→ **Required action**
Can you copy out the data exactly? Leave the images out.

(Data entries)

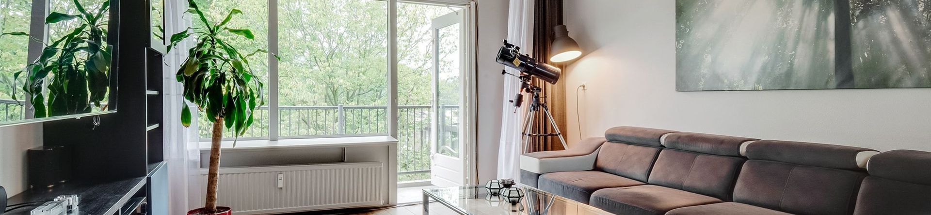 Vanuit de galerij betreed je de woning. Bij binnenkomst loop je de lichte woonkamer in met open keuken. De keuken bevindt zich aan de voorzijde van het appartement en tijdens het koken kijk je fijn naar buiten. De keuken is uitgerust met een 5-pits gasfornuis, afzuigkap, oven, vaatwasser, magnetron en koelkast met vriezer. Hier vind je ook de boiler die het gehele appartement van warm water voorziet.
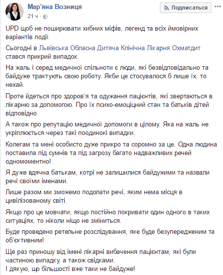 Позже Возница подтвердила "досадный случай" в больнице Львова.
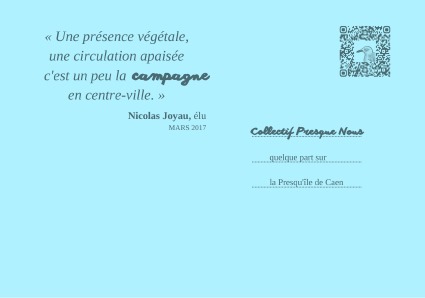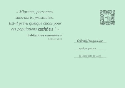A l’intérieur, une collection de quatre cartes postales qui jouent avec les mots utilisés par les usagers et acteurs de la Presqu’Île pour définir ce territoire à emporter ou à agrémenter d’un mot doux.
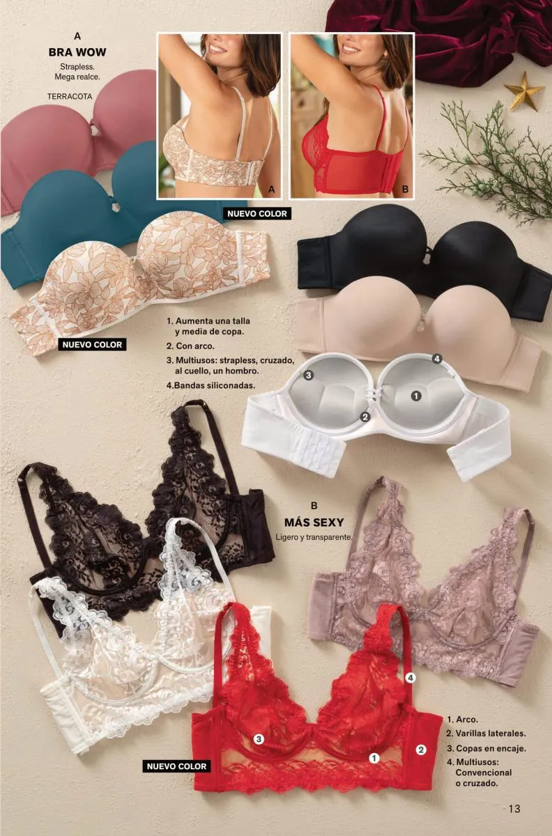 O lo quieres sin realce en encaje para verte más sexy con el sostén tipo Bralette en encaje con transparencia. También puede optar por el Bustier con realce suave, encaje sofisticado y multiuso que puedes usar cruzado, halter, un hombro o strapless, simplemente es perfecto para verte ¡sexy!
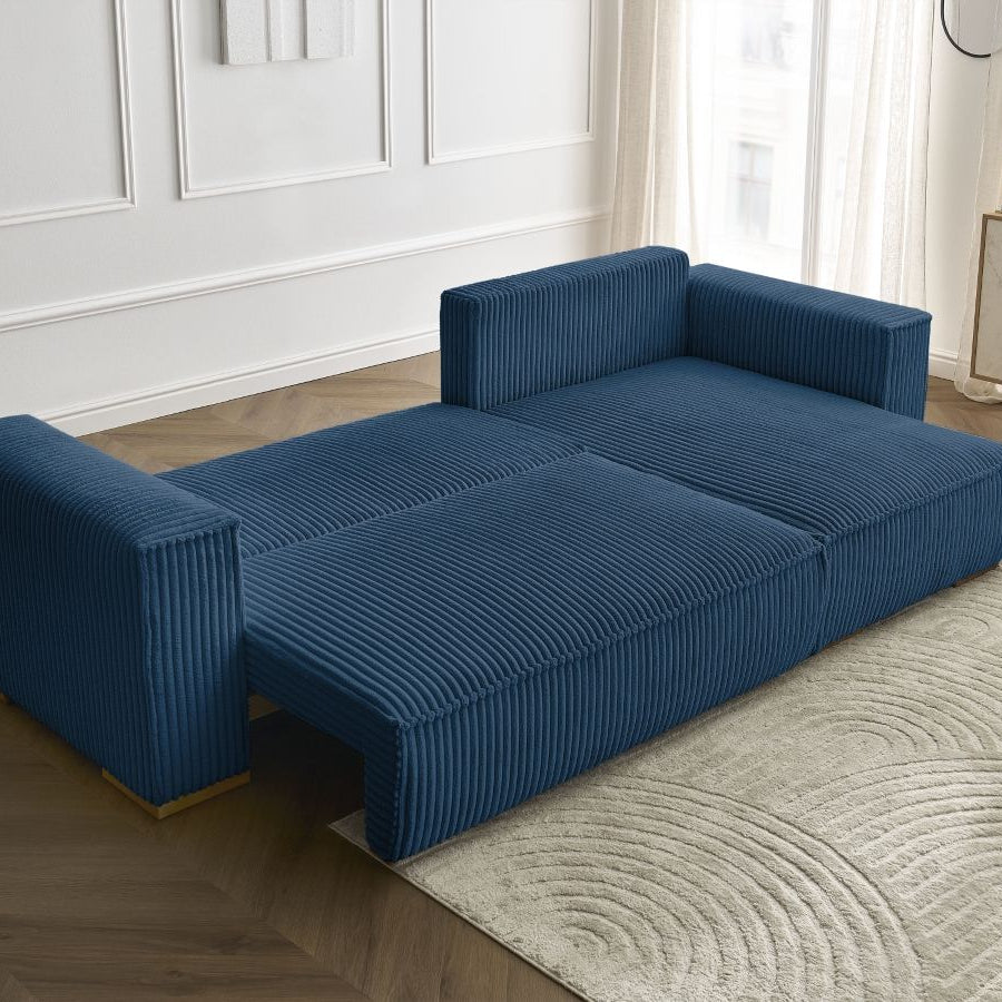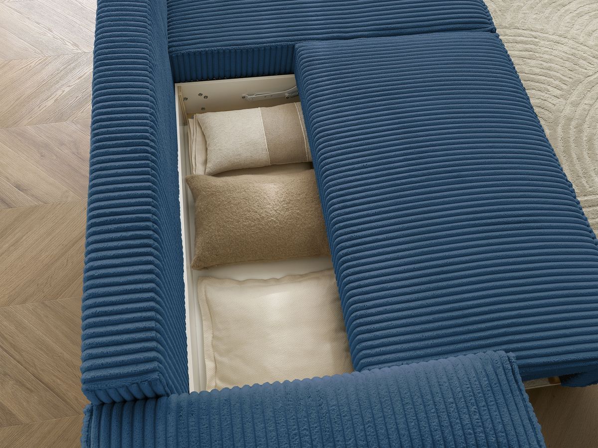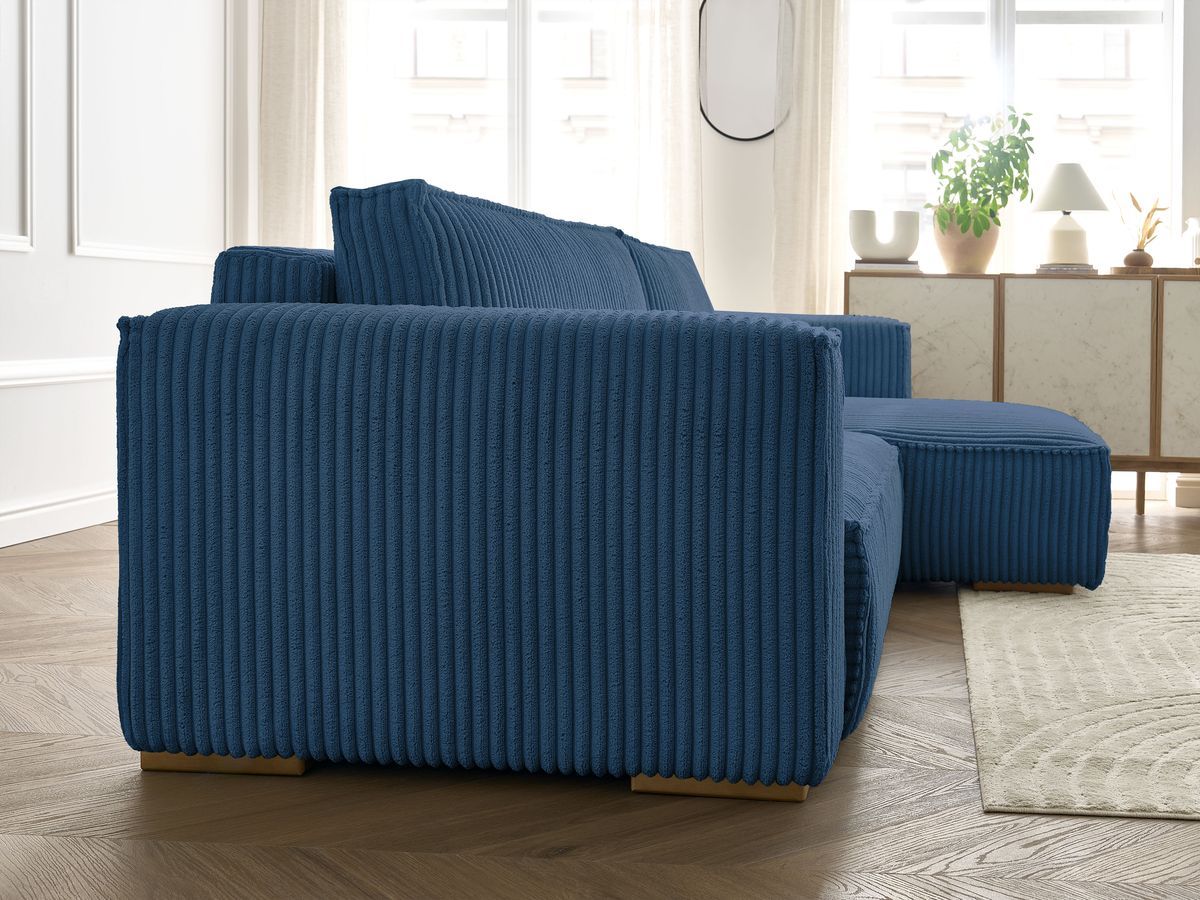 Canapé BOBOCHIC d'angle réversible convertible coffre CHELSEA velours côtelé doux BLEU

→ **Expected output**
 Vanuit de galerij betreed je de woning. Bij binnenkomst loop je de lichte woonkamer in met open keuken. De keuken bevindt zich aan de voorzijde van het appartement en tijdens het koken kijk je fijn naar buiten. De keuken is uitgerust met een 5-pits gasfornuis, afzuigkap, oven, vaatwasser, magnetron en koelkast met vriezer. Hier vind je ook de boiler die het gehele appartement van warm water voorziet.
 Позже Возница подтвердила "досадный случай" в больнице Львова.
A l’intérieur, une collection de quatre cartes postales qui jouent avec les mots utilisés par les usagers et acteurs de la Presqu’Île pour définir ce territoire à emporter ou à agrémenter d’un mot doux.
 O lo quieres sin realce en encaje para verte más sexy con el sostén tipo Bralette en encaje con transparencia. También puede optar por el Bustier con realce suave, encaje sofisticado y multiuso que puedes usar cruzado, halter, un hombro o strapless, simplemente es perfecto para verte ¡sexy!
 Canapé BOBOCHIC d'angle réversible convertible coffre CHELSEA velours côtelé doux BLEU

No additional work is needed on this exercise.